You are viewing a plain text version of this content. The canonical link for it is here.
Posted to c-dev@xerces.apache.org by ML...@uk.ibm.com on 2001/02/26 17:22:28 UTC

Offsets reported by the scanner


Hi all,

I'm using the XMLScanner::getSrcOffset to track where I am in the XML
document that I'm parsing (using a memory input source).  I've hit a few
problems caused by a BOM at the start of the input, and I'd like to hear
what the group has to say about it.

The first case is simple:  We parse a message like the following (in
UTF-16, with a BOM on the front):

<?xml version="1.0"?><Element/>

In that case, the offsets reported by the scanner are 42 (in the XMLDecl
callback) and 62 (in the start element callback).  They match up with what
you might expect - but the BOM has silently been ignored in the reporting.
That's OK - I just have to check for a BOM in my memory buffer, and if
there is then I move my start point along to compensate.

The problem comes when we try an even simpler test (again in UTF-16, with a
BOM):

<Element/>

This time the offset reported during the element callback is 22.  e.g. the
BOM has been included in the calculation.

I think the place which is causing the inconsistency is in the
XMLReader::doInitDecode() method.  If that call finds a BOM, it skips over
it.  However, if it fails to find an XML decl, is backs out that skip.

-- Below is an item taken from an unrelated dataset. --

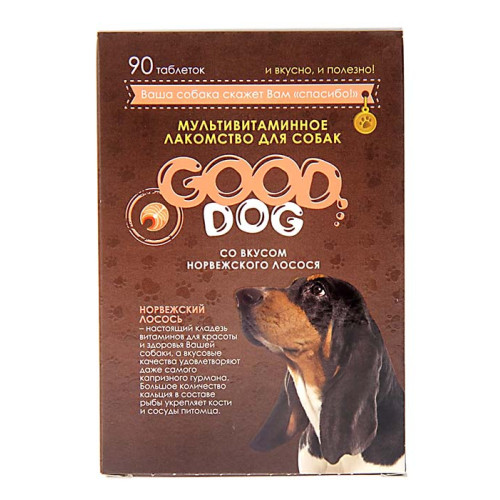 Мультивитаминное лакомcтво GOOD DOG для собак со вкусом "Норвежский лосось" 90 таб. подойдёт в качес..

I've put a hack into my Xerces DLL so that doInitDecode() always skips over
a BOM, even if it does not find an XML decl, which gets me to a consistent
state and allows me to continue with my development.  However, I don't want
to alter the Xerces code any more then I have to!

Would someone who knows more about the design of the scanner & reader
please make a call as to which offsets should be reported, and then I'll
either help with the code, or use their changes.

Comments?

Matt Lovett